In tissues, cells reside in a highly organized three-dimensional microenvironment formed by other cells and extracellular matrix (ECM). Under normal conditions, intra-tissular communication arises through a complex network of interactions: physically, through direct cell-cell contact or through the intervening extracellular matrix, and biochemically, through soluble signaling molecules. In combination, these interactions provide the information that is necessary to maintain cellular differentiation and function. It has become increasingly evident over the last years that the extracellular environment determines important aspects of cell physiology, including in islets of Langerhans, which have a well defined cellular architecture (Fig 1).

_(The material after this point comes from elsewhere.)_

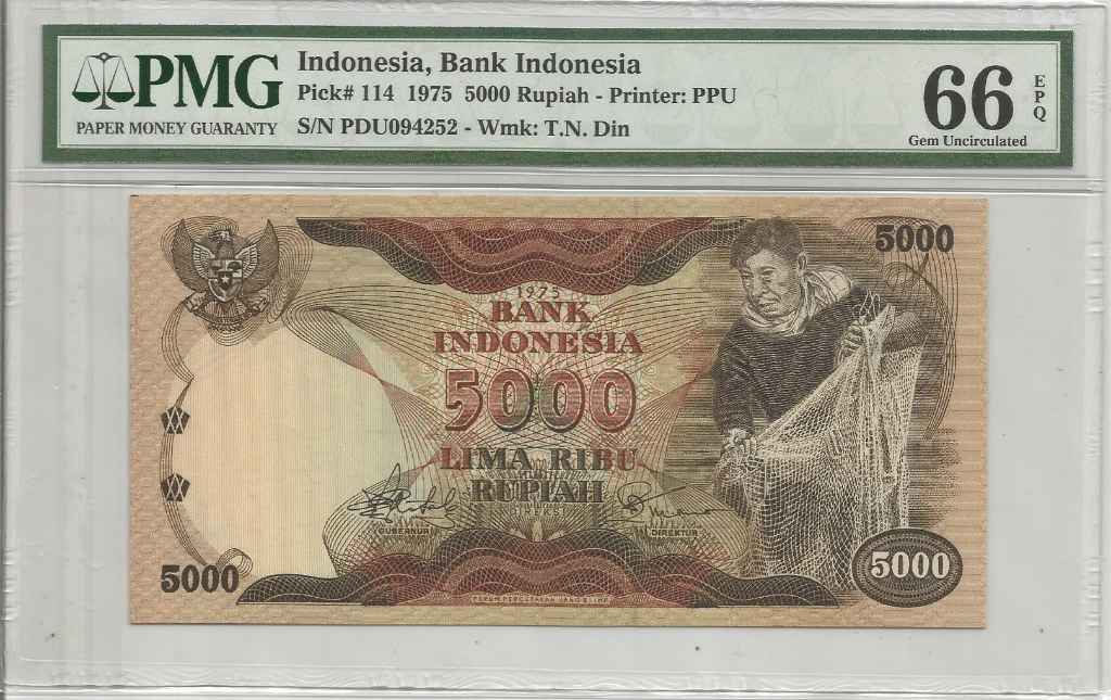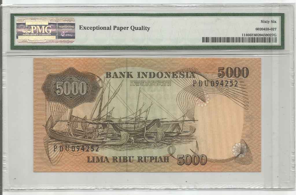 Nama barang : Uang Kuno Indonesia 5000 Rupiah Nelayan PMG 66

In the context of pancreatic β-cells, numerous studies have shown that a suitable environment is essential for proper insulin secretion (121-126). It has been shown already that when β-cells are attached on an appropriate ECM they are protected against apoptosis and respond better to secretagogues than cells attached on plastic (127; 128). Regarding cell-cell interactions, it is known that E-cadherin, which is one of the most important adhesion molecules on pancreatic β- cells (129; 130), plays a major role in insulin secretion (131). It is also well recognized that Connexin 36 (Cx36), the protein that forms gap junctions in β-cells, is required for appropriate insulin secretion (132). Those physical interactions thus deserve to be further described. Finally, indirect communication (through signaling molecules) has also been shown to strongly impact on β-cells functions in many physiological and pathological situations (35-37; 133).